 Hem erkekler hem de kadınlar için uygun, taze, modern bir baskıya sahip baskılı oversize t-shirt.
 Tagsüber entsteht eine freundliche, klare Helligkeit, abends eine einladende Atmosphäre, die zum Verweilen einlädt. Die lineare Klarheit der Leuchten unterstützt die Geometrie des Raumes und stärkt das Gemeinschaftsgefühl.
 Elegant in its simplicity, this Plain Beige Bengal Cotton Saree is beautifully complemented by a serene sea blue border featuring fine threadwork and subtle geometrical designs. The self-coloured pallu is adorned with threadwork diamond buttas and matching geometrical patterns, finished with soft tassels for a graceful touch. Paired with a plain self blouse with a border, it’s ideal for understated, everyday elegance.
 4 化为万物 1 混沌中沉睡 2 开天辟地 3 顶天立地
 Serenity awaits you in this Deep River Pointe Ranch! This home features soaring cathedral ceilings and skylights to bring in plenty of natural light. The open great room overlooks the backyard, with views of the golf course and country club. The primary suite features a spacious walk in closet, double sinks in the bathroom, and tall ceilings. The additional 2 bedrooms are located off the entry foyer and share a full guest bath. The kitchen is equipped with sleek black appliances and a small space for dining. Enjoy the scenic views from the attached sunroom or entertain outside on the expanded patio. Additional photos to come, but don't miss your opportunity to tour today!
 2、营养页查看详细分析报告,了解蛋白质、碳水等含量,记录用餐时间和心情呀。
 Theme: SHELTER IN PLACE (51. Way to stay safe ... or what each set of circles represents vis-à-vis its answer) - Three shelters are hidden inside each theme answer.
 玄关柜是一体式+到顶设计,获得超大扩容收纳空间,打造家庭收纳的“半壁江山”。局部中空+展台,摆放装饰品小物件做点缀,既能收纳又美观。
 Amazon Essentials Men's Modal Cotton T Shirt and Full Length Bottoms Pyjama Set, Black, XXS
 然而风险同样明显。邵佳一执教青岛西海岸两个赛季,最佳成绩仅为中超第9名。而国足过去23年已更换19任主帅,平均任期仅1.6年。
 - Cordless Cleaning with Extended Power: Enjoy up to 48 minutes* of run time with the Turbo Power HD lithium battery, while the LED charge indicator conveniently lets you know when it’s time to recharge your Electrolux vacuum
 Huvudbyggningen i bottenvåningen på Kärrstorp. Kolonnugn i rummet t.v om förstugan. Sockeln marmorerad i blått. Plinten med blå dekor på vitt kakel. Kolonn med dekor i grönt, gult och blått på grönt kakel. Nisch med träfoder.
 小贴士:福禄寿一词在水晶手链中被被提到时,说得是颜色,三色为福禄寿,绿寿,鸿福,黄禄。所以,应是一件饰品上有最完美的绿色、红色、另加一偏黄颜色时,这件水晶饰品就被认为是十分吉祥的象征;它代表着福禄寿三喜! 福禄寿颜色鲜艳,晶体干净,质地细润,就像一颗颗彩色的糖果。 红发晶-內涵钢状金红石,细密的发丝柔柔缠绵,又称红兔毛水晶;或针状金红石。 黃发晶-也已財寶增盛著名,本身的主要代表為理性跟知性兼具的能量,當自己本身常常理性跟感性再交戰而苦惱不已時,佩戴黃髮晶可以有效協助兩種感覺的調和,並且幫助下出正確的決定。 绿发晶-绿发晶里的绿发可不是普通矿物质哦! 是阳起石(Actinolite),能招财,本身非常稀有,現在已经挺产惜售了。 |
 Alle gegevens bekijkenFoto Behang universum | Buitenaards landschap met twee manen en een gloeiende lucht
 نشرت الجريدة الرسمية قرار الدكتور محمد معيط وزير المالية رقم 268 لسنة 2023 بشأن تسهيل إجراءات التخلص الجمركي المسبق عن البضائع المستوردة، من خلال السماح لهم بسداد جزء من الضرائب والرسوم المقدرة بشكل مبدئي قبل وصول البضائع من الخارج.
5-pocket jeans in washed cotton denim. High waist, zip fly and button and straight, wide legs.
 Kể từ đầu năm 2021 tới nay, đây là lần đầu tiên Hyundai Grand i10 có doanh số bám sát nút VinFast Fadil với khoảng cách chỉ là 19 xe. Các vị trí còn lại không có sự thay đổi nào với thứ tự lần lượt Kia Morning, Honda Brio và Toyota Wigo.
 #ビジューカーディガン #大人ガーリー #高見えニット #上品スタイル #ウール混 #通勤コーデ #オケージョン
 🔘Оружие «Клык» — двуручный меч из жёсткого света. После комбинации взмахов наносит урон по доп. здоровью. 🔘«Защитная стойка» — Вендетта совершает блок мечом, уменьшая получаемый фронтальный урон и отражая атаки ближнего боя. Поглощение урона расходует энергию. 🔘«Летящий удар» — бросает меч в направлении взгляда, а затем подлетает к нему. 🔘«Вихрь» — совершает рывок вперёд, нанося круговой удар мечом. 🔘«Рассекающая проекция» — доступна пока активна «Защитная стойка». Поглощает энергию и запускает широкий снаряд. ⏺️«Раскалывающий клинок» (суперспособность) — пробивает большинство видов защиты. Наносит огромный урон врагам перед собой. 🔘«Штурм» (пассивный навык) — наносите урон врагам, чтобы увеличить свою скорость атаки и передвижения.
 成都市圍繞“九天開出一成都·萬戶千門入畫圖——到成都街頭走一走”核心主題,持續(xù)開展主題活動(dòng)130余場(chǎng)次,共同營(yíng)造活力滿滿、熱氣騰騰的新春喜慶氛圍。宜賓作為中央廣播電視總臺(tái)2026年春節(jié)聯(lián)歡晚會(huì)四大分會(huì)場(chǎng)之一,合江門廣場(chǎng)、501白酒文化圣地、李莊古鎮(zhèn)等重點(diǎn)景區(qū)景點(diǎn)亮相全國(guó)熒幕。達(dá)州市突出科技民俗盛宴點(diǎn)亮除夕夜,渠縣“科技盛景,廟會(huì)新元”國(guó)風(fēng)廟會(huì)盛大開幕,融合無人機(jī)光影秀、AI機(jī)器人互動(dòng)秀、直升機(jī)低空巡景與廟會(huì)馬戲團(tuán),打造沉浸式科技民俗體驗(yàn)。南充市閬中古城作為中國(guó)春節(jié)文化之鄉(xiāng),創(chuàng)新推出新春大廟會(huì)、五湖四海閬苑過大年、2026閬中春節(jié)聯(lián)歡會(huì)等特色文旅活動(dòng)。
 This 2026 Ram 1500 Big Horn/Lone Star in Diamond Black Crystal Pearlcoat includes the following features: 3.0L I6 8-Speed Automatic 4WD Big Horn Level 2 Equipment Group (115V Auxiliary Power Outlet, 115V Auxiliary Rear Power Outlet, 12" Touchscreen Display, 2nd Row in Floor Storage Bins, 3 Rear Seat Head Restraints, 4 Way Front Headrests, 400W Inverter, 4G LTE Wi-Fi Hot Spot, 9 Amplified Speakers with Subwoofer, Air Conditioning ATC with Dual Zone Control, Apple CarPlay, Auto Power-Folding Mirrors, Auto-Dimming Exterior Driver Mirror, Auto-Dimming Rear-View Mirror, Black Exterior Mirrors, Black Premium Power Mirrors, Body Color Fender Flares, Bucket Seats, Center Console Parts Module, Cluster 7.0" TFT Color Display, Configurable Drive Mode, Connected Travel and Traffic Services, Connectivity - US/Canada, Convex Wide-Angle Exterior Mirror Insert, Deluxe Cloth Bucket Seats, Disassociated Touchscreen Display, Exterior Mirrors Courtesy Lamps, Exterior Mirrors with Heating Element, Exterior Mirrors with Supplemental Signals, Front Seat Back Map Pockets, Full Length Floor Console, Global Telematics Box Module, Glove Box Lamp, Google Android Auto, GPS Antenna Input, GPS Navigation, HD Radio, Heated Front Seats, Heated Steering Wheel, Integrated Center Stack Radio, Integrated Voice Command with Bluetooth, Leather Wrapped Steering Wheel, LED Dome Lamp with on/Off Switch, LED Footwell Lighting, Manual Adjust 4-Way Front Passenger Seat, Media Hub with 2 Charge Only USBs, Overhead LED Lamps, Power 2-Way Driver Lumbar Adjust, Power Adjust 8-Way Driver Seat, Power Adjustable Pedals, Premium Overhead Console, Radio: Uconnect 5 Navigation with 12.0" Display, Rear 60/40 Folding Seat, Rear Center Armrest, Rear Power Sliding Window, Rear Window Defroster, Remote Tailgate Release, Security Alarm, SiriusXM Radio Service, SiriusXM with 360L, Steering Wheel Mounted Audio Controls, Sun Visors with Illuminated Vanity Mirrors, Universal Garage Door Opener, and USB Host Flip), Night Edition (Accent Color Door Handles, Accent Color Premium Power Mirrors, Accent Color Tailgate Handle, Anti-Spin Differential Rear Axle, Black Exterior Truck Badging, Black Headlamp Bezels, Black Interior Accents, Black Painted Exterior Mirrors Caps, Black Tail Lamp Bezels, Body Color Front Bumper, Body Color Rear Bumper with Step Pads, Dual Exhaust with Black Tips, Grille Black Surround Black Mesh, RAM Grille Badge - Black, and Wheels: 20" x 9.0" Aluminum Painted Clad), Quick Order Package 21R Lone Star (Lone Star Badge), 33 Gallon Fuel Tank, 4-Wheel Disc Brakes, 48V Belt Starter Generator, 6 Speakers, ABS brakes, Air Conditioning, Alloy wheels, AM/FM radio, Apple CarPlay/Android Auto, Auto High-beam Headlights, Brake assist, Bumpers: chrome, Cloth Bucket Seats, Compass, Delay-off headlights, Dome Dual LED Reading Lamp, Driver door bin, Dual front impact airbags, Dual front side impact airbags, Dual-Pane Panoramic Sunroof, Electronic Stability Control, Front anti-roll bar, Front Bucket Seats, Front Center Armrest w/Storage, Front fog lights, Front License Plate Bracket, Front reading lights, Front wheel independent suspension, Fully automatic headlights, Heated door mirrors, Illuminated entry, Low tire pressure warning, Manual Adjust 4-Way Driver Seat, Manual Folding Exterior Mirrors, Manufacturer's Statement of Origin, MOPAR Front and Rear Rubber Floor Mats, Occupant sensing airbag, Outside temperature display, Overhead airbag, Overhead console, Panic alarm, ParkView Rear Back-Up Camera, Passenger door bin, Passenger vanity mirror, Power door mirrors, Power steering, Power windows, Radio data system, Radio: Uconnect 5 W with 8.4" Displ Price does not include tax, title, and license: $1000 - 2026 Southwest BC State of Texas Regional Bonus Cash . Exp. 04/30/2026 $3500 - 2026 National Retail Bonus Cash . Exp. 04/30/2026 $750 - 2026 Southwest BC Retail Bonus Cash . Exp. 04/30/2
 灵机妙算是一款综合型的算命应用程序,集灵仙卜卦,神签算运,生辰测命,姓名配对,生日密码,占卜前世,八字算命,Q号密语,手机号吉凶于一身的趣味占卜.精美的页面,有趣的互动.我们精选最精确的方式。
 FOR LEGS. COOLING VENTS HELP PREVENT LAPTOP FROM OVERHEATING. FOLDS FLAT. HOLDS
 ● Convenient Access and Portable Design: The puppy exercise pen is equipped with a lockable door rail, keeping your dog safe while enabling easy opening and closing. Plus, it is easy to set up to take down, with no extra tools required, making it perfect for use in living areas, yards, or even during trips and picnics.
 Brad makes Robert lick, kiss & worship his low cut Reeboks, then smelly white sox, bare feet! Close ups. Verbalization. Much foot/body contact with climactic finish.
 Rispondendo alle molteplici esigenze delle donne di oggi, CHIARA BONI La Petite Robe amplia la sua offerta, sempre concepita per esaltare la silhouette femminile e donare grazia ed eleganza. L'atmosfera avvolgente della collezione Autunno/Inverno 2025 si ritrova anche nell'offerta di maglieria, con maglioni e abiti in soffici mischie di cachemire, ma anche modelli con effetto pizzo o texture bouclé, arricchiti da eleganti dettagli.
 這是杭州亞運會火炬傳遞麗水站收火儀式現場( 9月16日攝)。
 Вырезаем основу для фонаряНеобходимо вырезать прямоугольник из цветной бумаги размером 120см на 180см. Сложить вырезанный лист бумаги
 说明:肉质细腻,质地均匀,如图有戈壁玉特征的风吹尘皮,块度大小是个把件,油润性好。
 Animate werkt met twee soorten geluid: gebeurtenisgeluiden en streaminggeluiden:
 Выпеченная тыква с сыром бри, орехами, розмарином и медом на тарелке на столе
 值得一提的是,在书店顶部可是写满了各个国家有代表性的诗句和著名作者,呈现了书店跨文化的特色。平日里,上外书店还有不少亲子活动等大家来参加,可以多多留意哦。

▶ **Work to be completed**
Once you reach the line with "Alle gegevens bekijkenFoto" in the data above, copy it and every line after it exactly, up to and including the line with "#ビジューカーディガン #大人ガーリー #高見えニット".

▶ **Task response**
 Alle gegevens bekijkenFoto Behang universum | Buitenaards landschap met twee manen en een gloeiende lucht
 نشرت الجريدة الرسمية قرار الدكتور محمد معيط وزير المالية رقم 268 لسنة 2023 بشأن تسهيل إجراءات التخلص الجمركي المسبق عن البضائع المستوردة، من خلال السماح لهم بسداد جزء من الضرائب والرسوم المقدرة بشكل مبدئي قبل وصول البضائع من الخارج.
5-pocket jeans in washed cotton denim. High waist, zip fly and button and straight, wide legs.
 Kể từ đầu năm 2021 tới nay, đây là lần đầu tiên Hyundai Grand i10 có doanh số bám sát nút VinFast Fadil với khoảng cách chỉ là 19 xe. Các vị trí còn lại không có sự thay đổi nào với thứ tự lần lượt Kia Morning, Honda Brio và Toyota Wigo.
 #ビジューカーディガン #大人ガーリー #高見えニット #上品スタイル #ウール混 #通勤コーデ #オケージョン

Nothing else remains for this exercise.